Potensi yang dimiliki Sumsel sangat luar biasa, berdasarkan data BPS (2023) tercatat luas lahan perkebunan karet 1.232.205 hektar, Perkebunan sawit 1.254.613 hektar, dan lahan perhutanan sosial dan hutan produksi 2.050.221 hektar (BPS, 2023). Lahan yang dimiliki untuk dapat dioptimalakan tidak kurang dari 4.5 juta hektar. Untuk lahan sawit dan karet dapat diintegrasikan dengan peternakan kambing/domba dengan rasio sekitar 7-14 ekor per hektar pertahun. Jumlah lahan sawit dan karet ada 2.5 juta hektar maka potensi dapat menampung 17.5 juta - 35 juta ekor kambing/domba. Pengembangan sapi diarahkan ke lahan perhutanan sosial atau integrasi dengan hutan produksi (silvopastura) dengan luas 2 juta hektar yang dapat menampung 3-5 juta ekor sapi. Bila potensi ini dapat dioptimal kan maka populasi ternak di Sumsel dapat mencapai 10 kali lipat dari saat ini. Sumsel akan menjadi daerah swasembada dan pengekspor ternak.

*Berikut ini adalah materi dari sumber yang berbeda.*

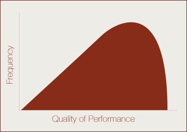 The reality is: your performance curve is much more likely to resemble a bell curve than a shark fin.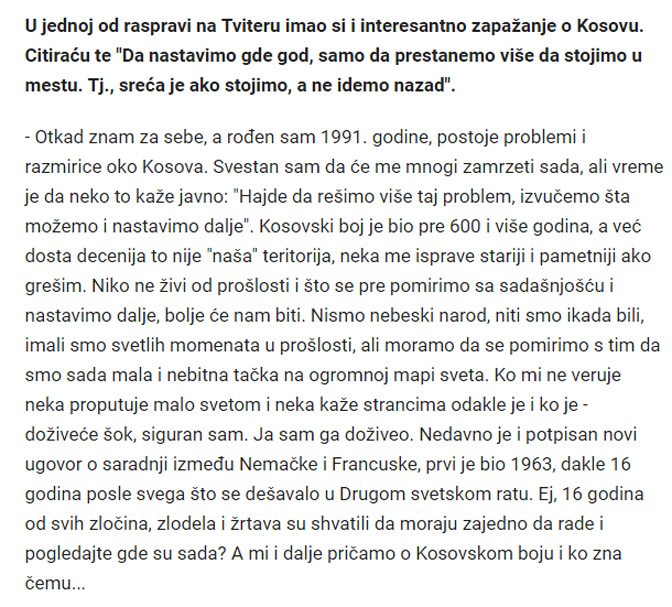 „Ни у једном тренутку нисам рекао да треба предати Косово, већ да треба наћи решење и окренути се будућности. Али добро, увек је добро скренути пажњу са неке друге ствари на Калину издајника“, додао је бивши играч Црвене звезде.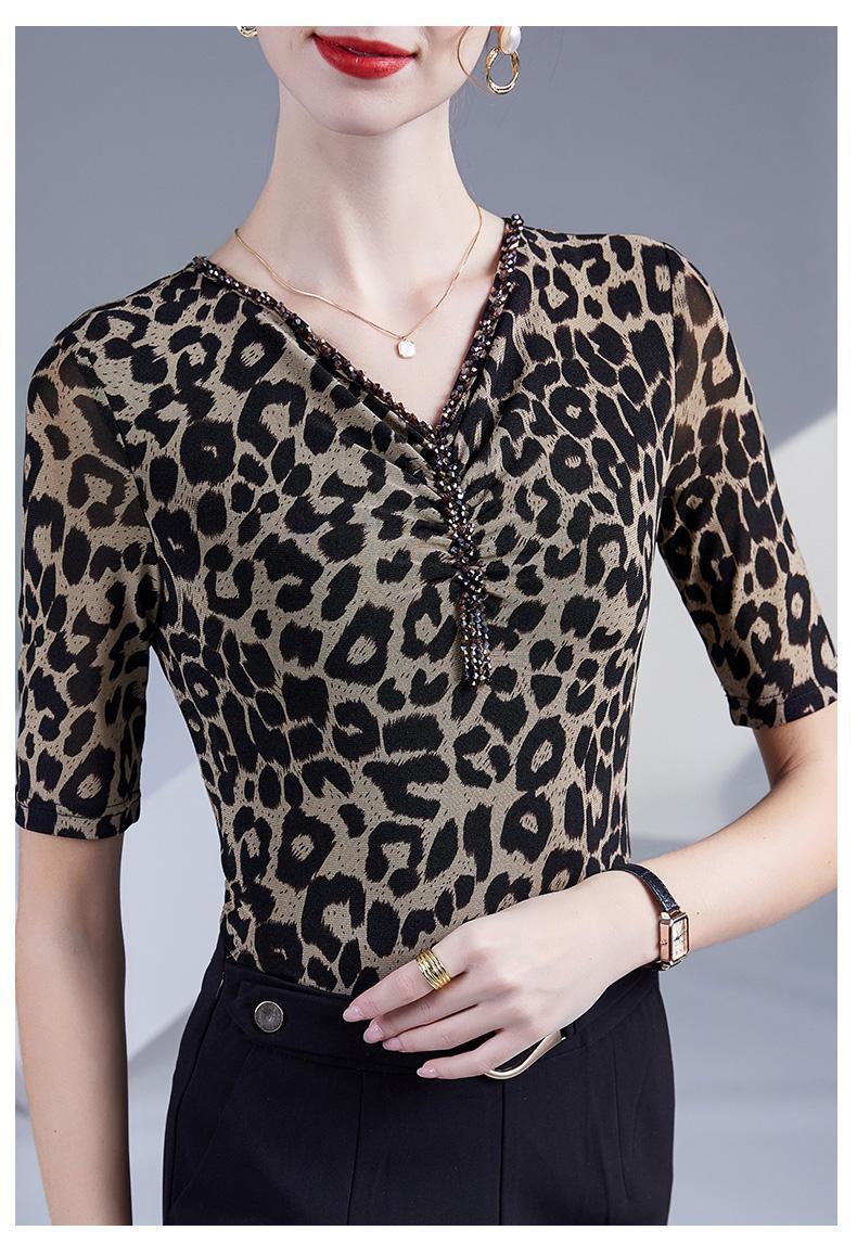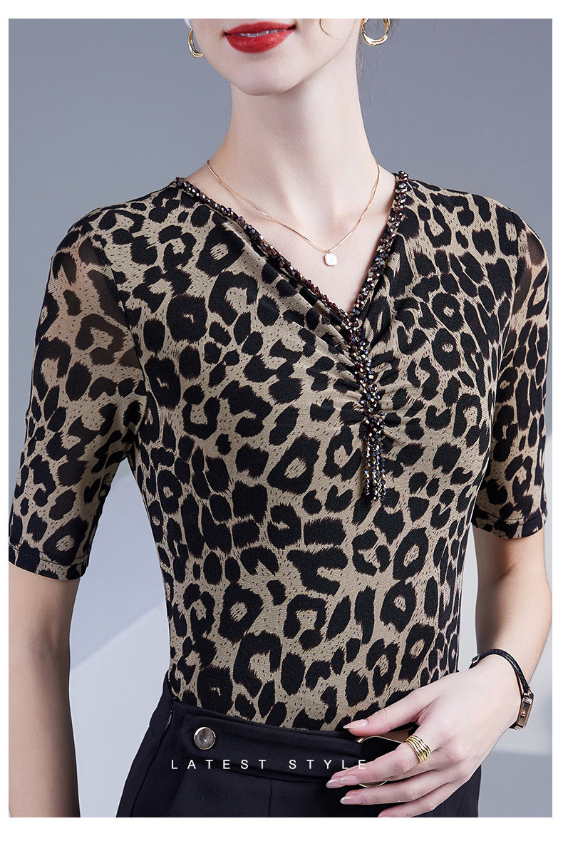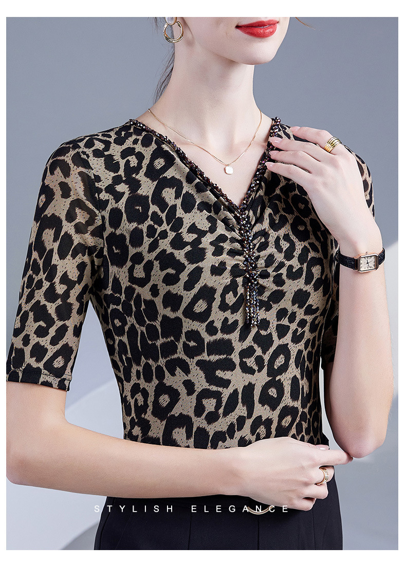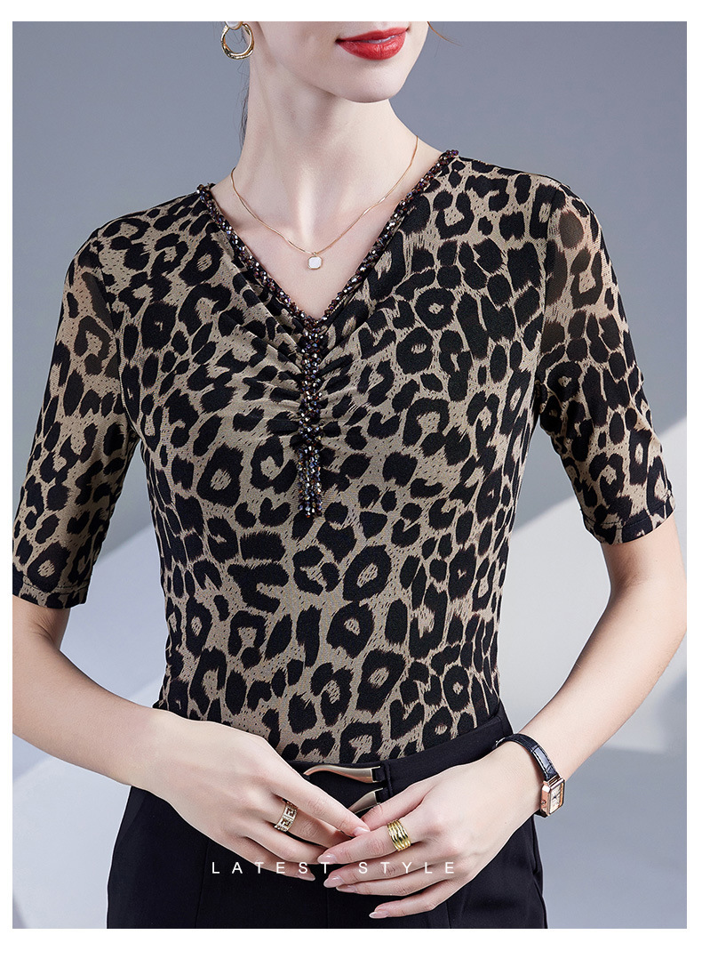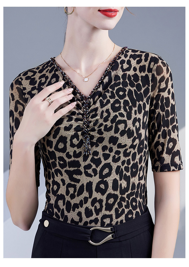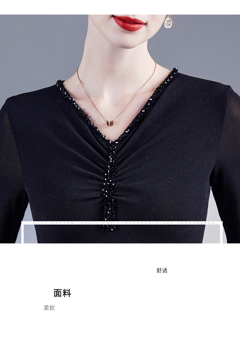 百媚生 中袖小衫V领钉珠网纱T恤女五分袖打底衫MC46893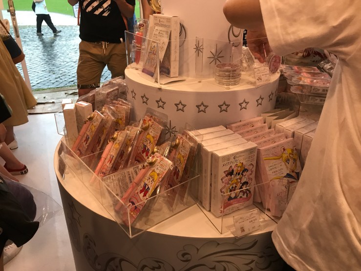 有聖杯腮紅、新月棒跟螺旋杖的腮紅刷、變身器的粉餅跟蜜粉、通訊器護唇膏、面膜、眼線筆口紅等等。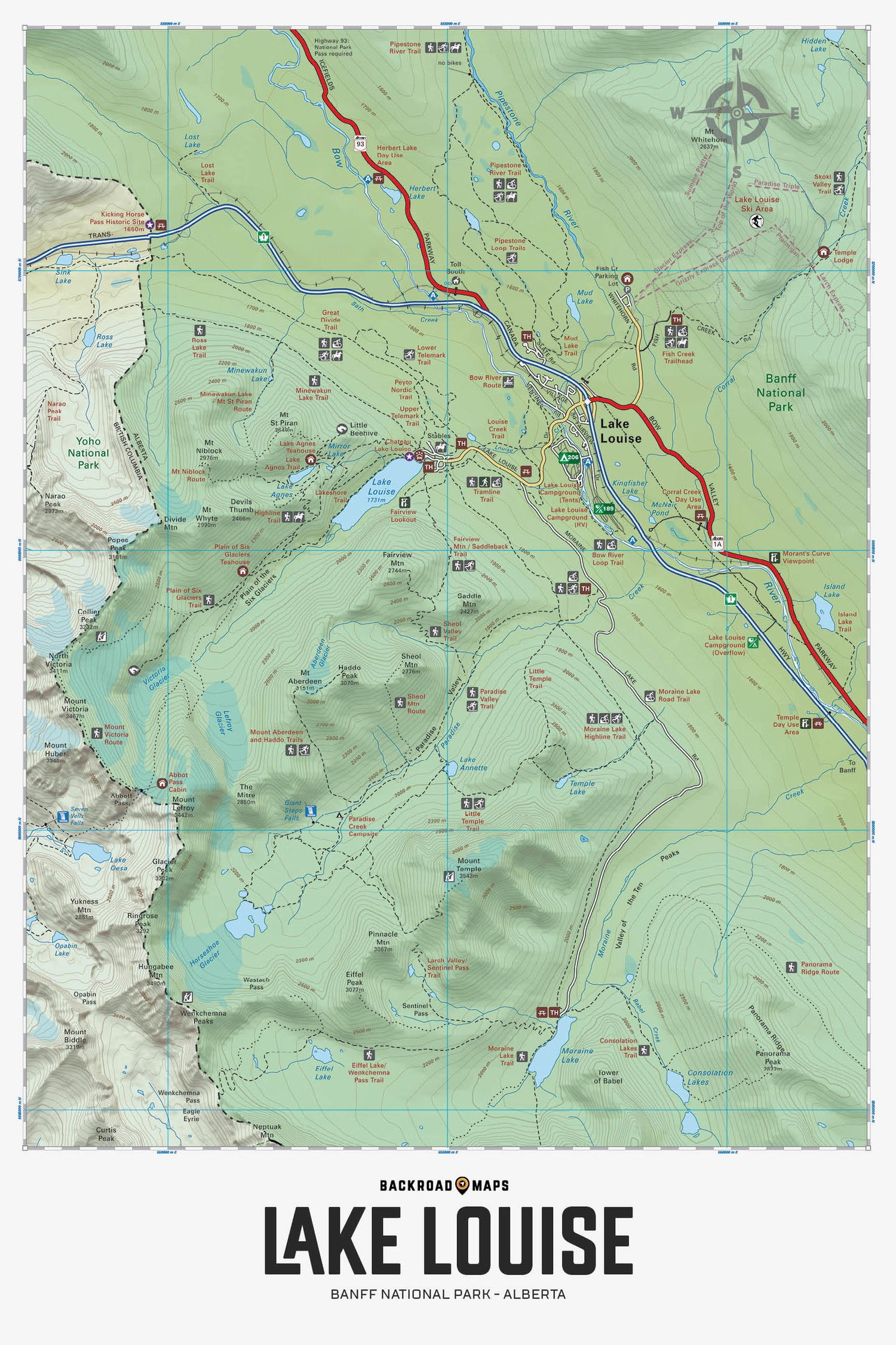 Focusing on the Lake Louise area within Banff National Park Alberta, this BRMB Adventure topographic map highlights all the roads, fishing lakes and rivers, campgrounds, backcountry campsites, viewpoints, trails for hiking, mountain biking, cross-country skiing, snowshoeing and horseback riding, downhill ski areas, picnic sites, paddling routes, waterfalls and more! No other map provides as much recreational information and topographic detail around the Lake Louise city area as this one. This Adventure map features our industry-leading topographic contours and relief shading and charts the areas of Lake Louise, Bow River, Fairview Mountain, Great Divide Trail, Lake Agnes, Lake Annette, Lake Louise Ski Area, Moraine Lake Road, Mount Aberdeen, Mount St. Piran, Mud Lake, Paradise Valley, Pipestone River, Plain of Six Glaciers Trail and more!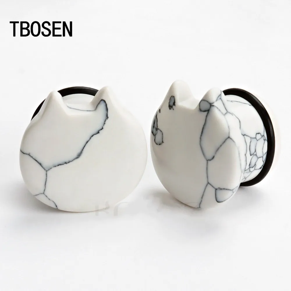 Новинка, кошачий стиль, камень, затычки для пирсинга, тоннель, ювелирное изделие для тела, много цветов, расширители для ушей, манометры, распродажа, 2 шт. в партии, 6-16 мм

Pola peternakan yang dilakukan dengan pola kemitraan. Pemerintah hanya sebagai fasilitator dalam penyediaan lahan pengembalaan dengan perkebunanan dan kehutanan, pembinaan pengelolaan pakan, kesehatan hewan, keamanan. Pemerintah tidak perlu menggunakan APBD umtuk membiayai pembelian ternak. Kemitraan dilakukan antara masyarakat (pemodal) dengan petani sehingga ternak disediakan oleh pemodal. Semua masyarakat dapat menjadi pemilik dari ternak yang dititipkan pemeliharaannya kepada petani di lahan pengembalaan. Pemerintah desa dimana pengembalaan ternak dilakukan dapat terlibat dalam sistem kemitraan. Pola kemitraaan yangndifasilitasi oleh pemerintah akan menguntjngkan semua pihak, pihak pemodal mendapat jaminan investasi, petani mendapatkan keuntungan bagi hasil dan pemerintah dapat mewujudkan program pemberdayaan dan pengmbangbiakan ternak.